Rekindling the Summer Flamebysummer98guy©
Note: The following is for that girl I just can't get enough of. She is my drug, my goddess, my...wow, just my wow. I'd love to read her comments when I finally get all the chapters in my head down. I think about her often.
Peace and quiet. The family was all gone and he had two days to himself. He could just sit, relax, and do...nothing...or everything...or whatever. He poured himself a whiskey and walked out to the garage. It was dark but he knew his way around without concern, he cracked the garage door to let in some air, but not enough so his neighbors could see what he was about to do. He sat down in his lawn chair, pulled out a cigarette and lite it, inhaled, enjoyed the burn, and slowly exhaled. Mmmmmmm the taste of those things you weren't supposed to do. The hell of it all was he never liked smoking with others really, it was one of those things he'd picked up in college when he lived alone, a cigarette in the evening alone to just ponder and think. No more, no less. Why some people needed a pack a day he didn't know, why some screamed at the sight of second hand smoke he didn't understand. And off to the land of letting his mind roam he went, he took a second drag, a sip of whiskey and sunk into his chair.
How the hell did it get to be October already he wondered. Another year slipping by. It was fine, at this point in life time flies quick between work, kids, the wife, and all the other tasks that come along. He'd manage the finances, figure out how to save for the kids college, make supper most nights, do laundry, and the list went on. All the daily tasks made those few moments like this pure bliss. He took a sip and watched his cigarette burn, enjoying the pattern of the waves of smoke, and loving the feeling of breaking a rule - folks just weren't supposed to smoke anymore and he loved being his own man. Rather than dwell on the bullshit, he decided to find an idea or memory to enjoy.
He recalled being younger and how much he'd not really enjoyed college - he loved the learning, but there was so much other crap he didn't. He recalled high school and how much he'd enjoyed it - his main job was fucking off, being social, and having fun. His mind wandered to that all too brief time between college and commitment where he could be a selfish bastard and think only of his own needs. While marriage had offered him a lot, it was easy to see how addicting it could be for anyone, guy or gal, to enjoy being selfish on their own - not that he'd trade his family for it.
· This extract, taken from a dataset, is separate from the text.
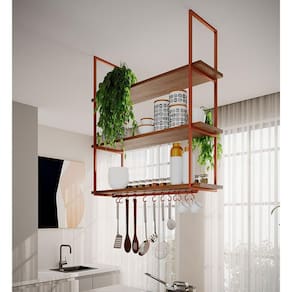 AS IMAGENS SÃO MERAMENTE ILUSTRATIVAS E PODEM SOFRER VARIAÇÕES DE COR E PEQUENOS DETALHES DE ACORDO COM O SEU MONITOR, ILUMINAÇÃO DO AMBIENTE E ATÉ MESMO A SUA PERCEPÇÃO VISUAL.Nicho De Teto IndÃstrial Denver 95cm Cobre

He pondered some of the amazing views he'd seen in his travels - snow capped mountains, big vast oceans, quiet ponds from long hikes like they were made for an Ansel Adams photograph. He could be surrounded by nature, no cell phone or contact with anyone, and feel like the world was all around him. He thought about the future, where the politics of the day would go, what the next great scientific discovery would be, or what man's next great adventure would be in the great beyond. He took a gulp of whiskey and a long burn off his cancer stick.
As he exhaled he realized a nice buzz had set in and he embraced the relaxing feeling. And then, as happened all too often, his thoughts wandered to women in his past, but one in particular. Mmmmmm... she was so many things. Short, delicious, innocent, naughty, naïve, voluptuous, smart, sweet, sassy, sexy, and ...vulnerable all in one. Of all his vices, she was the one he would never be able to quit. You didn't get over a gal like her, you just embraced with both arms the fact you'd had anytime with her at all. His wife and kids needed him, he'd never leave them, but he needed his memories with her.
His mind started wandering all the fun ones; he remembered when he first recalled meeting her as they worked the bean fields together, how she'd visited his high school (and the blue shirt she wore that day), her quiet and unassuming ways then, ... he thought about the night he asked her out, how much fun it was to flirt and talk with her, to hear her stories, how he'd nearly fainted the first time he saw her jaw dropping breasts. That first night they kissed, she'd run her hands up his shorts, but just barely play with his package, and those so many nights he'd tease her but not enter her until he realized she needed to be the one to make a man of him. Of course if he saw a purple swimming suit of any kind, she was the first thing in his head, and of course the first night he discovered she enjoyed wearing a thong to frame that perfect ass of her. Being the ornery guy he was he learned this by putting his hands down her pants, in public, after watching a movie with her. He couldn't help it, she oozed sexuality in the most elegant way (though no 21 year old boy knows what elegance is at the time) ...he finished his whiskey and took another puff of his poison. So many memories.
He headed back inside, poured a short one, and sat down. His mind wasn't changing subjects now, he was hooked. There was never too much time that went on between times that he'd think about her, and to be sure this included some very explicit fantasies. He wondered if she still thought of him and if she touched herself while doing so? What were her fantasies about him? Were they on a beach, in a hotel, a locker room walking on him in the shower, at a lake?
He shot his whiskey and headed to the bedroom, it was time to scratch his itch.